The “entrepreneurship" concept has been developed following the term

"entrepreneur" with a similar meaning. Generally, both words are interchangeable depending on the context. Entrepreneurship is defined because the term entrepreneur only describes an individual perspective with no coverage on the relationship between entrepreneurship and an enterprise. Researchers like Bygrave, Hofer, Amit, and Shane, among others, have changed the study approach to include more than the

entrepreneur meaning. Typically, entrepreneurship focuses on process, responsibility, or consequence of entrepreneurs‟ roles. Bygrave and Hofer (1991) defined entrepreneurship as all duties and activities concerning the seizure of opportunities and pursuit of such opportunities by an organization. Amit et al (1993) view entrepreneurship as a process of profit-making from new resources utilization, which is unique and valuable under an uncertain, vague or unclear environment. While Shane and Venkataraman (2000) regarded entrepreneurship as a convergence of two indispensable phenomena, which are the discovery of profitable business opportunity and the entrepreneurial readiness for operation. Therefore, only the entrepreneur definition is not complete since skepticism about entrepreneurship still remains.

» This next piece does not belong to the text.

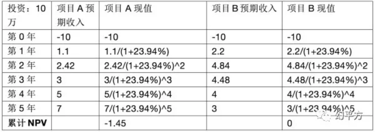 同理经过计算当贴现率为23.94%时,项目B的NPV刚好等于0,如下表所示:

Swedberg (2007) defined entrepreneurship as a process of changes on economics from new resources utilization resulting in a creative destruction of market balance.

Entrepreneurship, therefore, creates changes in condition from static to dynamic.

Although the concept of entrepreneurship has been studied for only three decades, its definition can be summed up as an enterprise‟s process or operation from an entrepreneur‟s roles in seeking of new business opportunities including resources management capability employed to achieve the opportunity on hand.